Siobhan Benita and civil 'service'.

From the website of Siobhan Benita, the independent candidate for Mayor of London:
Siobhan joined the Civil Service in 1996 and worked at the very heart of Government for over 15 years. As a senior official at the Cabinet Office she led major projects across Government and has worked with ministers and officials at the very highest levels. Siobhan knows how political decisions get made and is experienced at working with a range of senior people - from across the public and private sectors - to get things done.
From her interview in the Guardian on Saturday:
But, she says, she was losing faith in the power of the civil service to keep politicians in check: at the Department of Health, where she worked, Andrew Lansley was rolling out a plan of reforms she felt she could never help implement. "I'd always believed in public service as a way of doing good, but I started to realise that the way I'd done it wasn't going to work any more."
So did she spend 15 years exercising "the power of the civil service to keep politicians in check"? Or did she spend it "working with a range of senior people...to get things done"? Or is she saying that when she agreed with something she was the epitome of bureaucratic endeavour - and when she did not like something, she blocked it?

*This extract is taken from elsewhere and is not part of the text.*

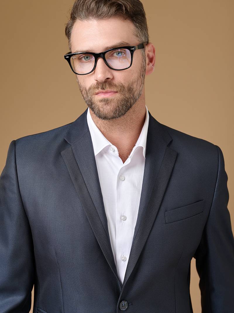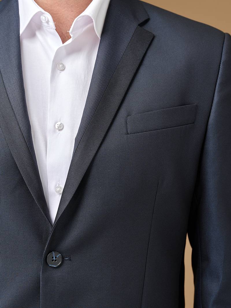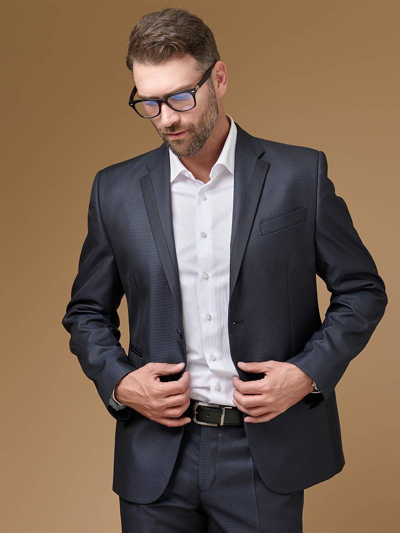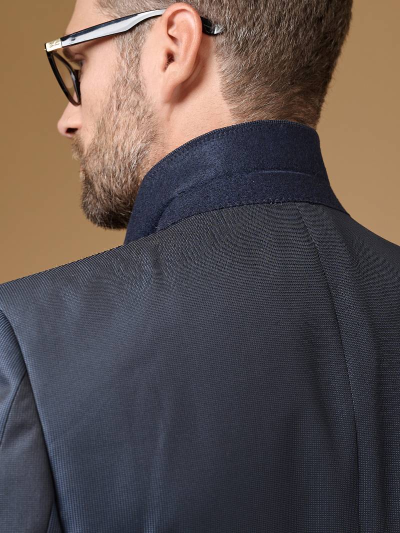 Slim fit, две пуговицы, две шлицы, комбинация из 2-х тканей. BAZIONI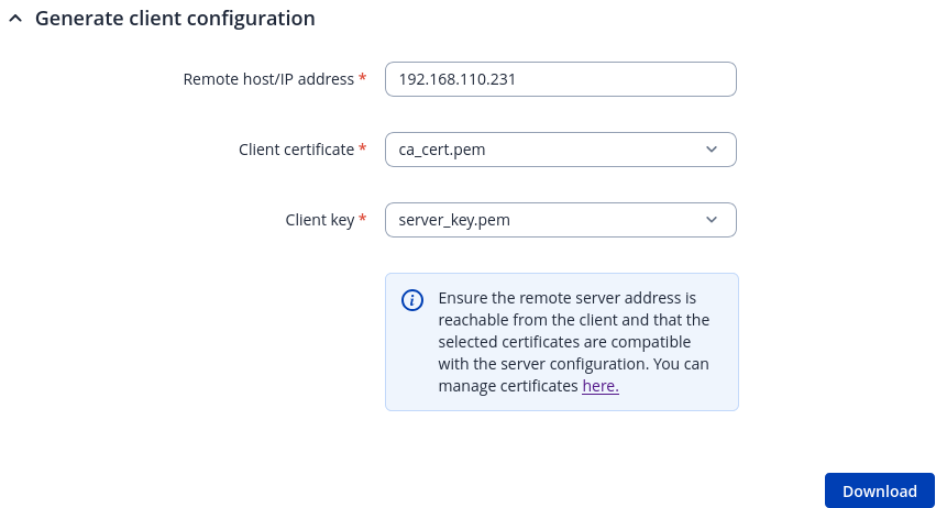 | Client certificate | .crt file | The certificate will be added to the generated client configuration file. |

While it is admirable that she has resigned from the civil service in protest at the Lansley health reforms, it is disgraceful that she has done so because she couldn't keep the Secretary of State "in check". It's not the job of the civil service to keep politicians "in check". That's what Parliament, the media, civil society are for. Yes, Minister is a satire, not a training aide.

It would seem that she ate her cake and had it while being employed by us to serve the politicians we elected. I'm Labour to my core but I would rather have the elected Lib-Cons doing bad things accountably than unelected Siobhan Benitas "doing good" unaccountably.

I welcome that more independent candidates are getting heard and elected in politics. Parties are crucial to democracy but our current models of participation are not fit for how we communicate, act and vote in the digital-leisure age. That partly explained the Bradford West by-election result. Independents could give the incumbent political machines the scare we need.

But let's not fool ourselves that every person who comes along with independent (or Respect, for that matter) scrawled across their website is some great anti-establishment challenger. Indeed, of the seven candidates standing for Mayor of London on 3rd May, Benita, in both attitude and personal history, is the most establishment of them all.